Are you intrinsically wrong if you don’t adhere to societal standards and expectations?
Maybe it’s because I have not adhered to what is considered ‘normal’, but I don’t think it’s wrong to not want what everyone around you wants. And while there are a thousand buzzfeed articles about the perfect man and the amazing mother and the career that changed lives, I find the expectations they impose upon me to be phony.
I would say it’s time we ‘lower’ our expectations – it’s time we stop writing a prescription for 18-year-olds to be adhered to for the next 30 years. Why? Let me give you three reasons.
1. Cookie-cutter Ideals Only Work For Certain Types of Dough
You don’t use a cookie cutter for chocolate chips cookies. You use them in gingerbread and sugar cookies – and it’s a lot of fun!
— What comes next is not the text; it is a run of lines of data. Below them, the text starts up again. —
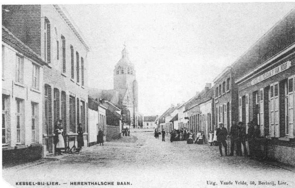
KESSEL-BIJ-LIER. — HERENTHALSCHE BAAN.

Op 31 december 1980 ging de oudste winkel uit ons dorp voorgoed dicht.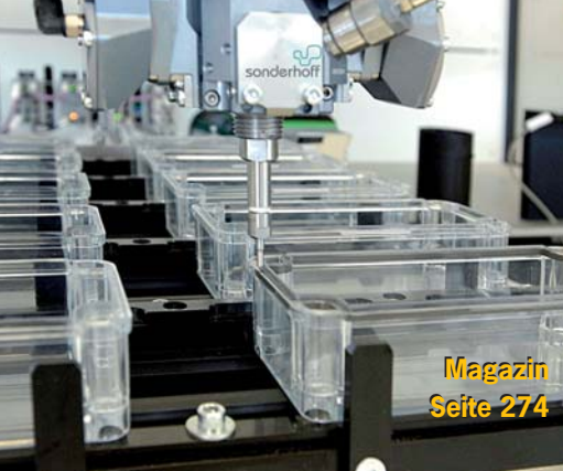
Magazin Seite 274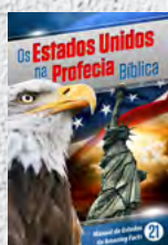
Manual de Estudos 21: Os Estados Unidos na Profecia Bíblica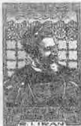
۱۰۸ یادبود شهادت آیت الله بهشتی و هفتاد و دو تن از شهدای هفتم تیر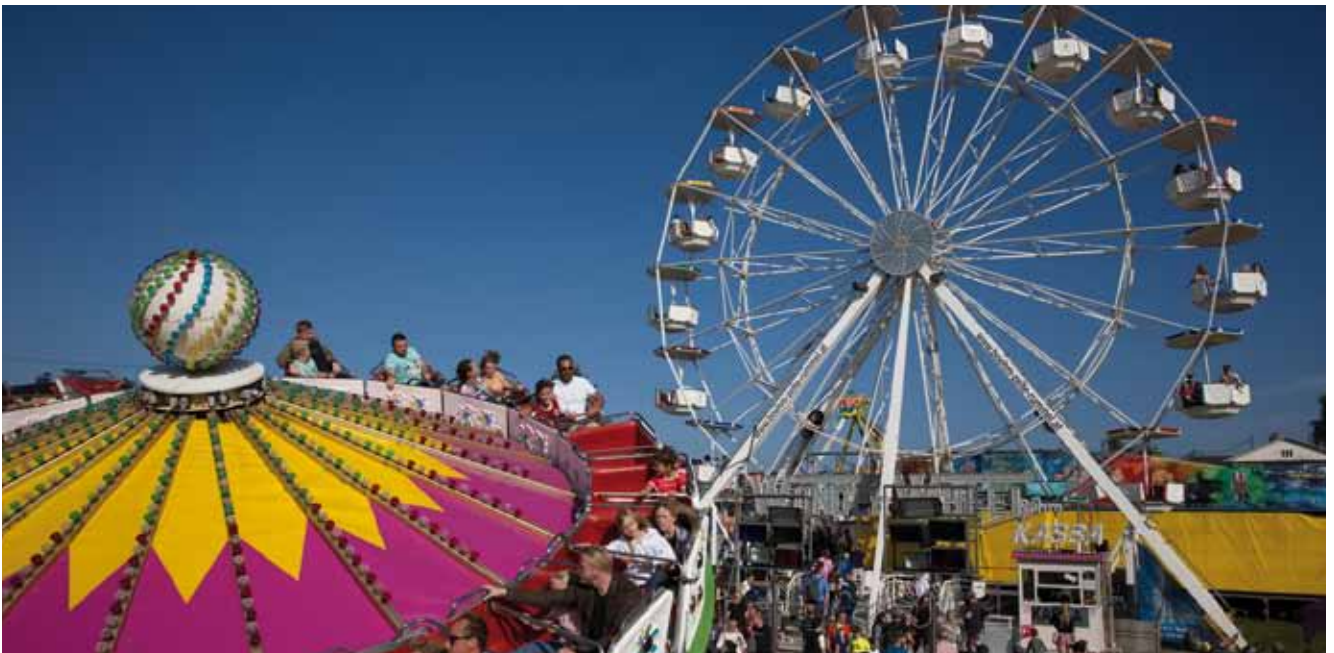
Reges Kirtags-treiben im Wallfahrtsort Adlwang.

Some people are predispositioned to flourish under the societal norm. But I am not a sugar cookie. You might not be either. That doesn’t mean there is anything wrong with us or with sugar cookies – it just means we’re different!
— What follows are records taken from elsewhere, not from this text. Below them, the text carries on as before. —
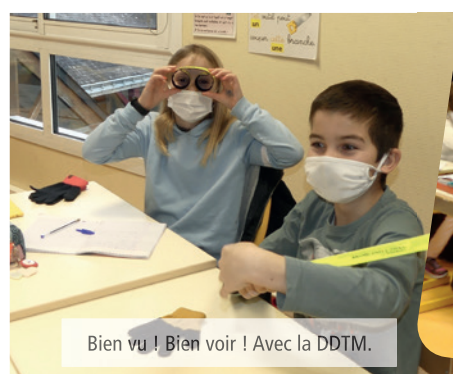
Bien vu ! Bien voir ! Avec la DDTM.

un jeu d'enfant pour des petites lucioles ! CM2, CM1, CE2, CE1 et CP, en tout, 92 brassards ont été fournis, dans le cadre de l'action nationale « Bien voir et être vu ! » soutenue par la Direction Départementale des Territoires et de la Mer .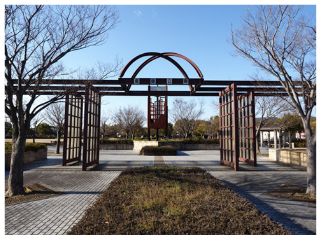
古浜町(塩屋公園付近)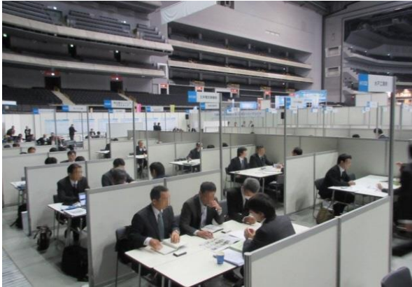
イメージ（昨年度の商談風景）

首都圏産業の国際競争力の強化を図るため、平成20年度から九都県市（埼玉県、千葉県、東京都、神奈川県、横浜市、川崎市、千葉市、さいたま市、相模原市）が連携して合同商談会を開催しています。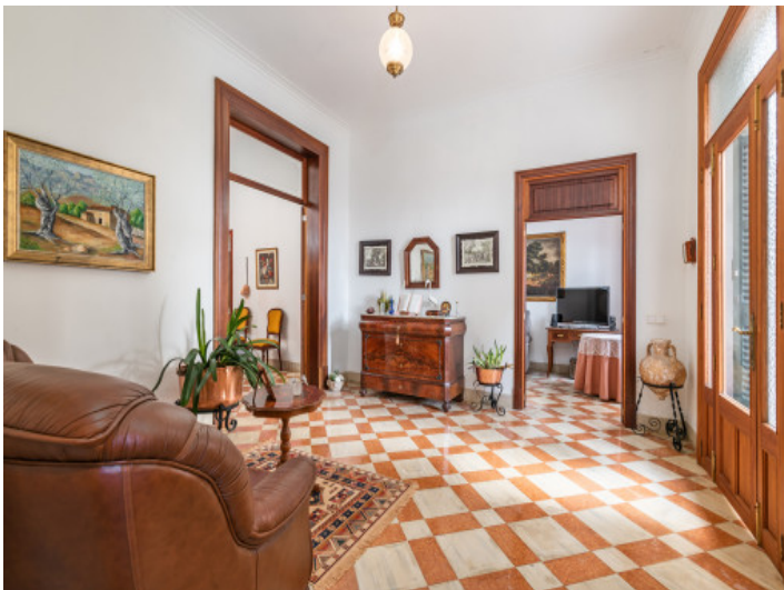
Traditioneller Eingang zum Haus

The normal life trajectory, the traditional expectation, works for some people but it doesn’t work for all of us. That doesn’t make either party wrong, it just makes us different. If the peer pressure (aka – the millionth pregnancy announcement on Facebook this week) doesn’t appeal to you, then you shouldn’t punish yourself for not being made of gingerbread dough. ‘Lowering your expectations’ might just mean accepting that you’re an M&M cookie.
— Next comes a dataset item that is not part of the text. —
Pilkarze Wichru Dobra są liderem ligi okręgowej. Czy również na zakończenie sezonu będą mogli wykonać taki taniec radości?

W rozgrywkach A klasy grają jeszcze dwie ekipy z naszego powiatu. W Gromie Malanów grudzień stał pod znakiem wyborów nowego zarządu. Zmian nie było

2. Expectations Are Set To Accommodate A Certain End
The white-picket-fence-life is a goal that I personally don’t share. To society, the idea of the ‘Leave It To Beaver’ life is perfection.
The life trajectory I feel pressured to follow is really a means to an end.
When I was in high school, I was overwhelmingly pressured to apply to college. No one stopped to ask why, or what my end goal was. It was merely accepted that I should go to college.
(Sadly, it would seem, a lot of young women attend college to obtain their Mrs. Degree.)
University is not a necessity. I know many women who are perfectly happy – after 4-6 years in college – in a life in which they do not even use their degree. Many of them have unfortunately acquired student loans in the process. I, personally, along with other very successful professionals I know, chose to pursue an apprenticeship.
I am married, but I did not become so in order to have children. I have a growing writing career that I did not attend college to pursue. (As it turns out, you do not need college to write books.) I ‘lowered my expectations’ and have chosen a different lifestyle.
If any point of the peer-pressured, ‘normal’ life milestones does not appeal to you, perhaps you should change your expectations as well. If you did, you might find that the ends they prescribed to you when you were a senior in high school never truly resonated with your soul.
3. Happiness Is Not For Mass Consumption
Despite every current marketing technique, what makes one person happy is not what makes everyone happy. After all, have you ever had a friend who was in utter bliss while in a relationship you, yourself, would despise?
New cars don’t make me happy. Eating out doesn’t make me happy. Expensive jewelry doesn’t make me happy. My husband getting a promotion doesn’t make me happy. Selling lots of books doesn’t make me happy.
The rainbow cast from the mist of a waterfall makes me happy. Rich, delicious foods make me happy. Having a new experience makes me happy. Writing in and of itself makes me happy.
What makes me happy may not make you happy. The things that make you happy may not make me happy (particularly if your interests include sporting events). That’s okay. We are different.
Similarly, your life trajectory may lead you to happiness, while my radically different life trajectory may lead me to equal happiness.
Happiness is, ultimately, a personal experience. As such, it was never meant for mass marketing. Lowering my expectations from traditional equations that supposedly create happiness could very well result in a joy and supreme happiness never experienced through the ‘average’ and ‘acceptable’ means.
Choosing a life different from the choices of everyone around you doesn’t make you wrong. You may have lowered your expectations in the eyes of some, but that very shift may just be what ignites your heart toward greatness.